[Start of Attachment]

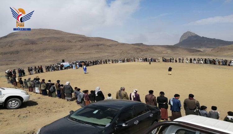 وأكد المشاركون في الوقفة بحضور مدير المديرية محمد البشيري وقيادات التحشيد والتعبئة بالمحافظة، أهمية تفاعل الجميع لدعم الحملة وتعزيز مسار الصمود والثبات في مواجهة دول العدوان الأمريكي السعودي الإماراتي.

[End of Attachment]
[Start of Attachment]

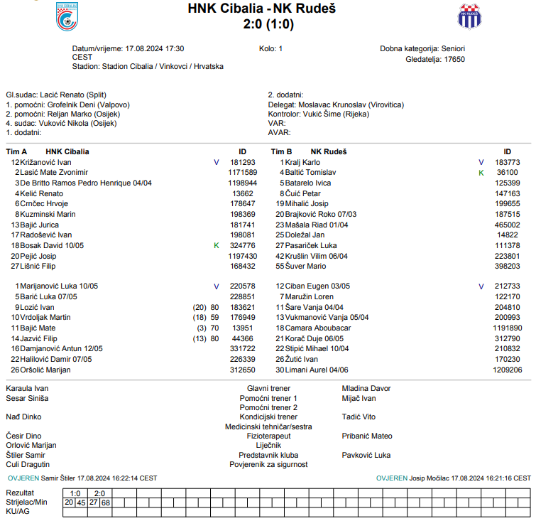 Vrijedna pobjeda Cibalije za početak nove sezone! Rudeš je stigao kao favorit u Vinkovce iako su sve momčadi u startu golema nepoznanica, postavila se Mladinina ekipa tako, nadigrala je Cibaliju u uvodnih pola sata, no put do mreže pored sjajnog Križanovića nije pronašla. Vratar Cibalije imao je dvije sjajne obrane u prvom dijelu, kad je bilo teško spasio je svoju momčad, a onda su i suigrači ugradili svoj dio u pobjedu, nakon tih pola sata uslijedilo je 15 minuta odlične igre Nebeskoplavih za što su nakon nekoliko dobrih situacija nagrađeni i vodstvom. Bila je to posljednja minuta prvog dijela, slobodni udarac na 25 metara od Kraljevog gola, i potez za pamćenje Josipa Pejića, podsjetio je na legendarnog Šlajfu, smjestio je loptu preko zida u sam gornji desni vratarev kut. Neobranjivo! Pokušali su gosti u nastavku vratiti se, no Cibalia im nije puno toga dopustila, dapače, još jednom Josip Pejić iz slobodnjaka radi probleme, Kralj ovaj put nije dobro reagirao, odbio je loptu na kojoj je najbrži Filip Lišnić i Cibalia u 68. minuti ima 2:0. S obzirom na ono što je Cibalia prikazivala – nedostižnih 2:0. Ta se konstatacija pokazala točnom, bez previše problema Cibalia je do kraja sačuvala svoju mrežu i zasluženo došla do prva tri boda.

[End of Attachment]
[Start of Attachment]

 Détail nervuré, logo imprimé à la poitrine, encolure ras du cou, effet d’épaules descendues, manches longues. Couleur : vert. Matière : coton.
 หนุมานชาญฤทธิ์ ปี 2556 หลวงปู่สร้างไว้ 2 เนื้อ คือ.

[End of Attachment]

* [About this task]:
Copy out precisely the lines from the line with "Détail nervuré, logo" to the line with "หนุมานชาญฤทธิ์ ปี 2556" in the material above, including those two lines and omitting all the rest.

* [Result]:
 Détail nervuré, logo imprimé à la poitrine, encolure ras du cou, effet d’épaules descendues, manches longues. Couleur : vert. Matière : coton.
 หนุมานชาญฤทธิ์ ปี 2556 หลวงปู่สร้างไว้ 2 เนื้อ คือ.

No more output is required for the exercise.